Given an array $$$arr$$$ of length $$$N$$$, find the sum of count of unique values in a subset for every subset of $$$arr$$$, modulo $$$10^9 + 7$$$.
I can see that the result depends only on frequency of distinct values, and seems like some combinatorial trick, it's a made up question but seems standard, what is the most optimal solution for length $$$N$$$ array?
there are two ways to do this one way is dp
assume each number selection as independent process. assume frequency of that number to f so number of ways we can select that number is
fC1 + fC2 + .... fCf = 2^f — 1
now either we chose that number, which will contribute 1 to our unique sum
or we dont chose it which will contribute 0 to our unique sum.
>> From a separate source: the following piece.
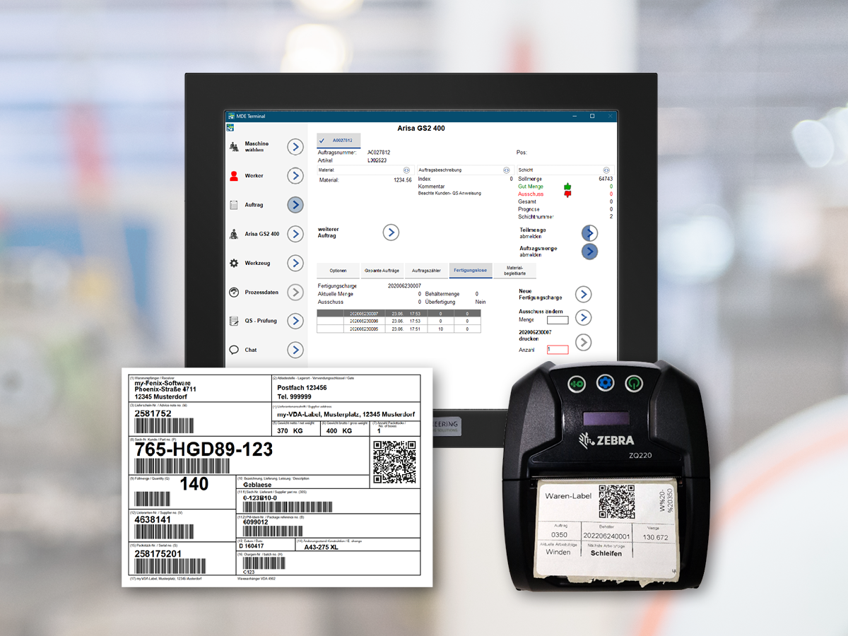 Warenbegleitschein direkt an der Maschine ausdrucken, händisch oder automatisch durch die Maschine oder einen Behälterwechsler. Die Mengen werden von der Maschinendatenerfassung übernommen.

here we can use DP to calculate, but i have better mathematical way
so assume polynomial representation for this (x^0 + (2^{f_i} — 1)x^1)
Function F = PI(x^0 + (2^{f_i} — 1)*x^1) for all i , summation f_i = n obviously
but what we need is summation of coefficient * power — 1, hmm it seems its just derivative and value calculated x = 1. i.e. DF/Dx,x=1
well that's it .
ans = (sum (2^{fi}-1) / ( 1 + 2^{fi}-1) over all fi) * 2^n = (sum((2^{fi} — 1)/2^fi)) over all fi) * 2^n
lets take example i have array [2,2,3] , f1 = 2 ,f2 = 1
our answer is 8 * ( (2^2 — 1) / 4 + (1 / 2)
= 8 * (3/4 + 1/2)
= 10
10 is our answer.
What are the constraints?
My initial idea was for each element , counting the number of subsets that it does not exist and finding the answer from that. You iterate from left to right in $$$a$$$, let $$$ind_{i,j}$$$ equal to the index of the $$$j$$$th occurence of the element $$$i$$$:
$$$tans_i = \sum_{j=2}^{cnt_i} = (ind_{i,j} - ind_{i,j-1})(ind_{i,j} - ind_{i,j-1} - 1) / 2$$$
Then for each element $$$i$$$ , we know how many subarrays are there such that the subarray doesnt containt $$$i$$$ (which corresponds to $$$tans_i$$$), now what we do is :
$$$ans = \sum_{i=1}^{\max\limits_{i\epsilon [1,n]}{a_i}} = (n * (n+1) / 2) - tans_i$$$
and we print the $$$ans$$$